● **Dataset**
══════════════════════════════
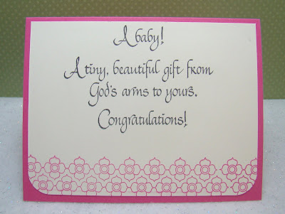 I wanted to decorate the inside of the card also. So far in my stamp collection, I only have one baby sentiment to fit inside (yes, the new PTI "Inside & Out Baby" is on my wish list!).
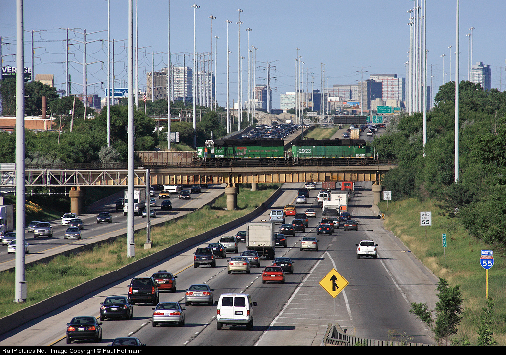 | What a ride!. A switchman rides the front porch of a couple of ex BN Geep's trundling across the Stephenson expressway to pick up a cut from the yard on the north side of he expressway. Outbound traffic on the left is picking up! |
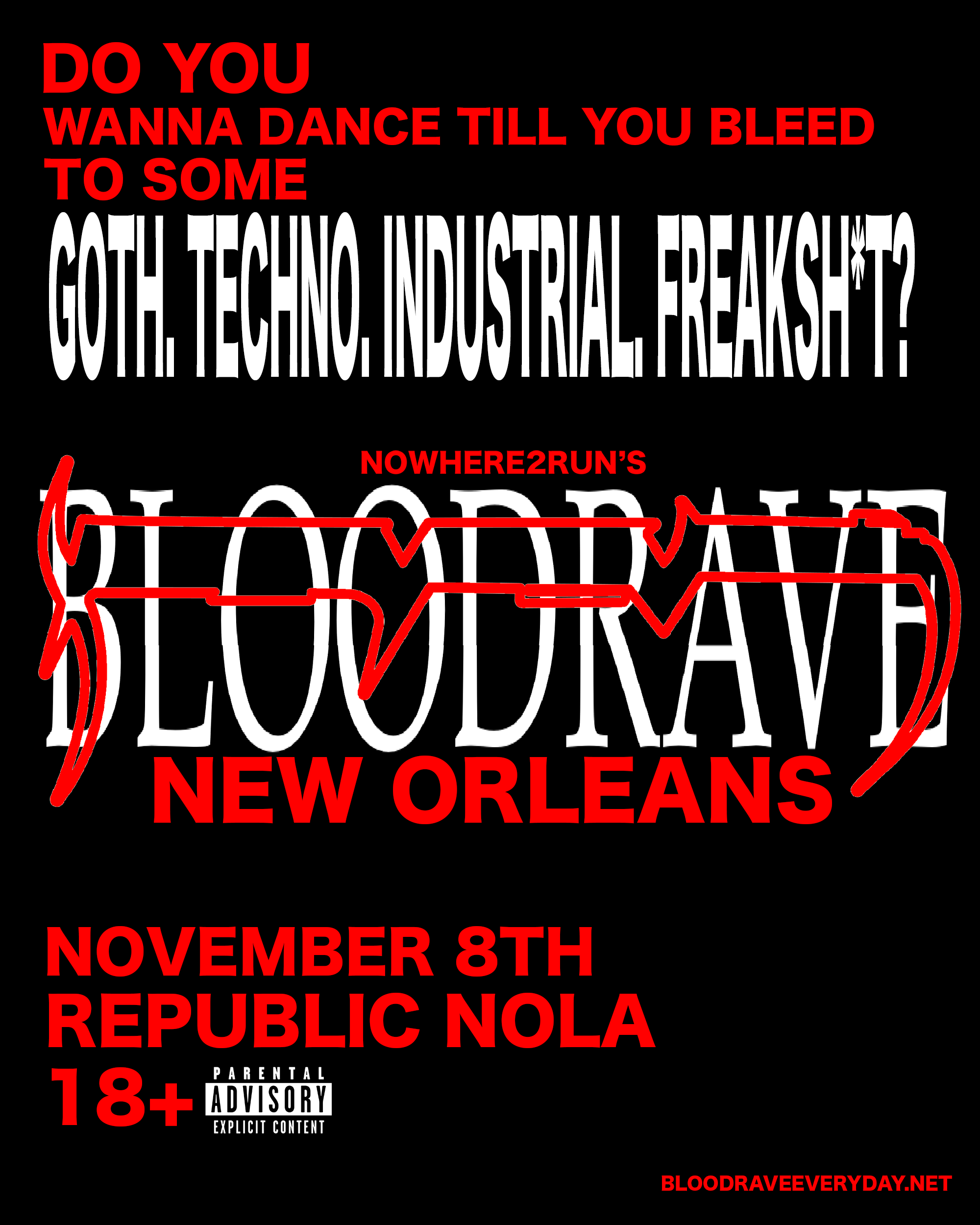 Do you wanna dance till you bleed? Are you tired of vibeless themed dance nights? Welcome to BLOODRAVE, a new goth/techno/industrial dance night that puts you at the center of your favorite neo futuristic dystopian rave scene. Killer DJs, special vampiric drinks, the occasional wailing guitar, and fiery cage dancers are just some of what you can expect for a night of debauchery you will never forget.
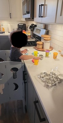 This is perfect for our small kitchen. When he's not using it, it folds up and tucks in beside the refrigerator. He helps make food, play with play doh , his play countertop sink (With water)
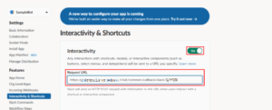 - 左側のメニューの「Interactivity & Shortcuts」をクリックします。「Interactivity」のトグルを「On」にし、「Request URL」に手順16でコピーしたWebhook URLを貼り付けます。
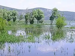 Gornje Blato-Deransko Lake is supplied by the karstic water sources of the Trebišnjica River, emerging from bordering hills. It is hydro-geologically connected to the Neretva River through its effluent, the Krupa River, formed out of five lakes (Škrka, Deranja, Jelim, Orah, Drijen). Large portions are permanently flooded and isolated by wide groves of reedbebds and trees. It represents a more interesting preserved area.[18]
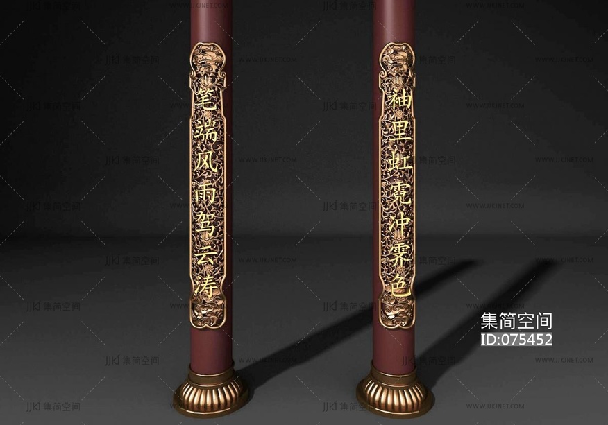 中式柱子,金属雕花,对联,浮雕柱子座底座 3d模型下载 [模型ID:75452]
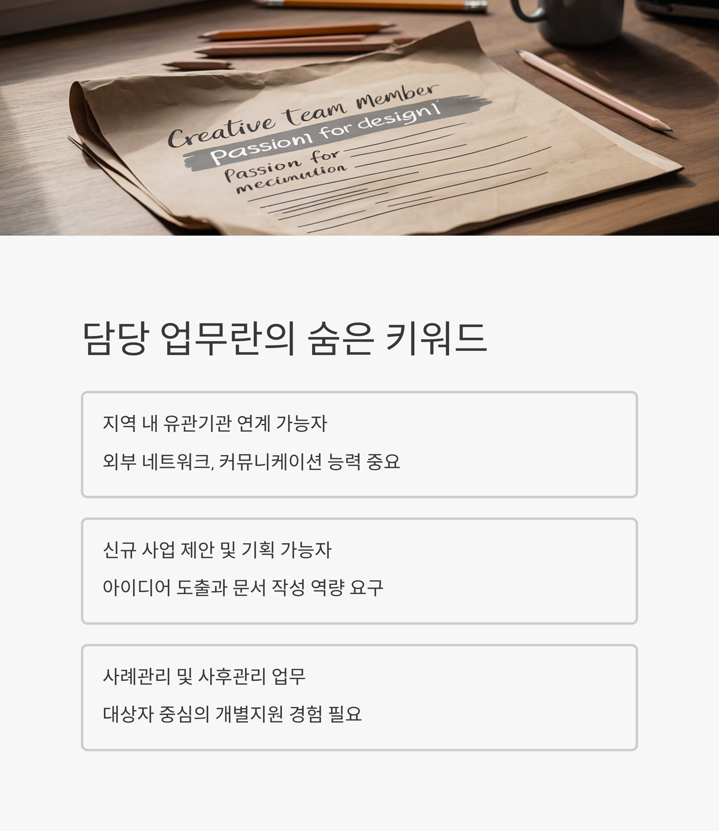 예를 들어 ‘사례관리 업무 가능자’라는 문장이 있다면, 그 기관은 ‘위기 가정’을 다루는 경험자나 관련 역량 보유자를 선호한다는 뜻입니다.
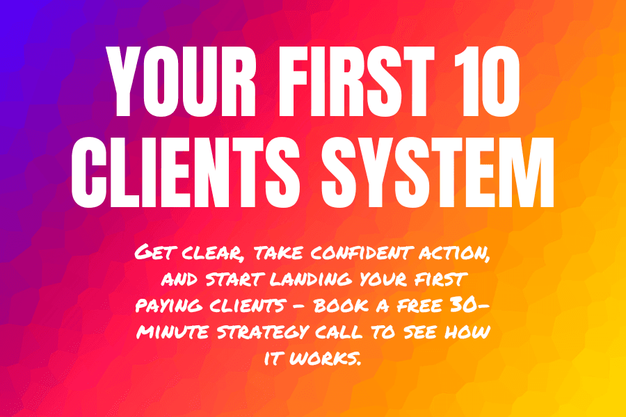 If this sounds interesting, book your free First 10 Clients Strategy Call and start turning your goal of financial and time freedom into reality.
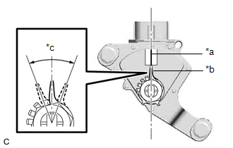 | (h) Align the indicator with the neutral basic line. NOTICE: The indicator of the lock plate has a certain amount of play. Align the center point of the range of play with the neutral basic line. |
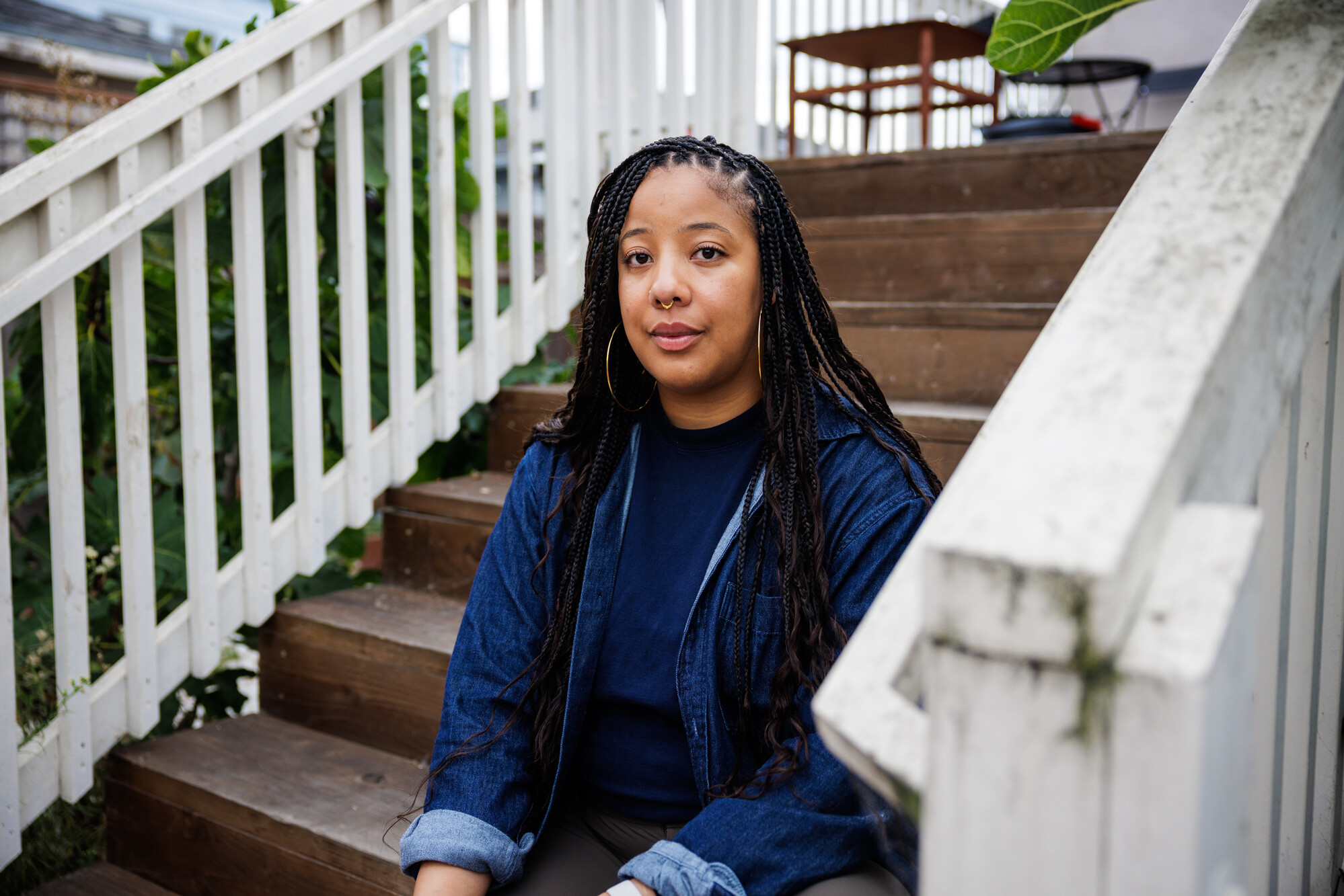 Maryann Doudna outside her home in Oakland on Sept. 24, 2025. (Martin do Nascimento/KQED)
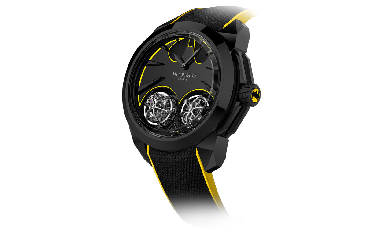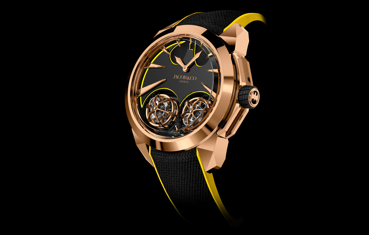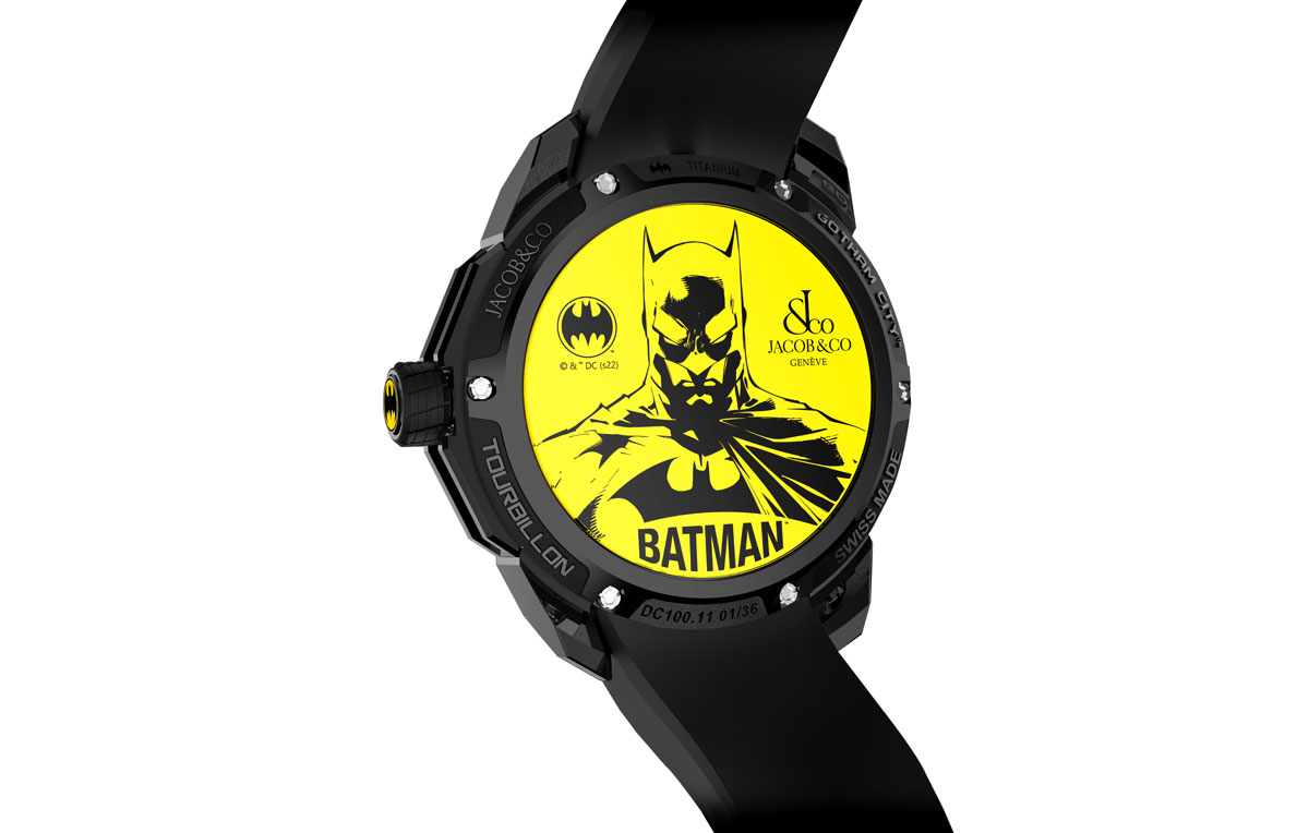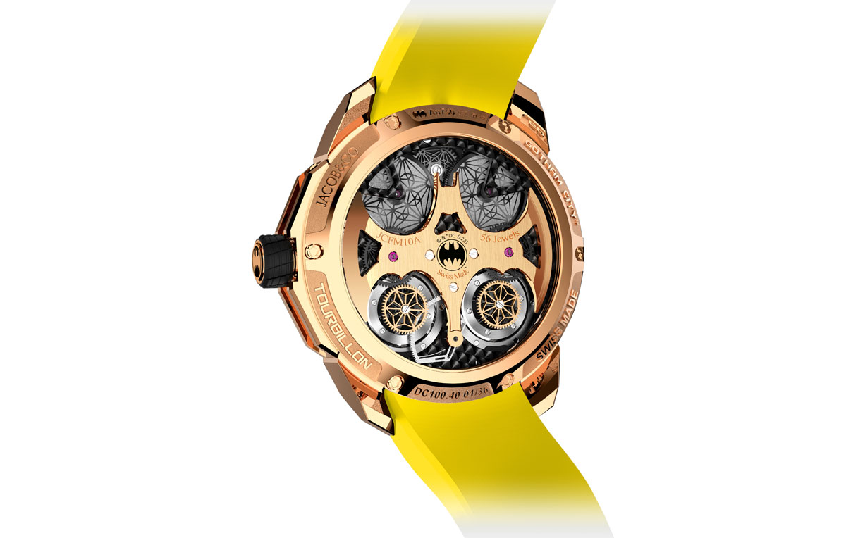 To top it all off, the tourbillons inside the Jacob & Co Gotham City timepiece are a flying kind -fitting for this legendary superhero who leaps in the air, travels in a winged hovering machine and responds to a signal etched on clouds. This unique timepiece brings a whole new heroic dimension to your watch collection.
══════════════════════════════
● **Problem requirements**
Exactly as they appear, repeat the lines from the one containing "예를 들어 ‘사례관리" through the last line of the entries, counting both ends. Pictures stay out.

● **Expected answer**
 예를 들어 ‘사례관리 업무 가능자’라는 문장이 있다면, 그 기관은 ‘위기 가정’을 다루는 경험자나 관련 역량 보유자를 선호한다는 뜻입니다.
 If this sounds interesting, book your free First 10 Clients Strategy Call and start turning your goal of financial and time freedom into reality.
 | (h) Align the indicator with the neutral basic line. NOTICE: The indicator of the lock plate has a certain amount of play. Align the center point of the range of play with the neutral basic line. |
 Maryann Doudna outside her home in Oakland on Sept. 24, 2025. (Martin do Nascimento/KQED)
 To top it all off, the tourbillons inside the Jacob & Co Gotham City timepiece are a flying kind -fitting for this legendary superhero who leaps in the air, travels in a winged hovering machine and responds to a signal etched on clouds. This unique timepiece brings a whole new heroic dimension to your watch collection.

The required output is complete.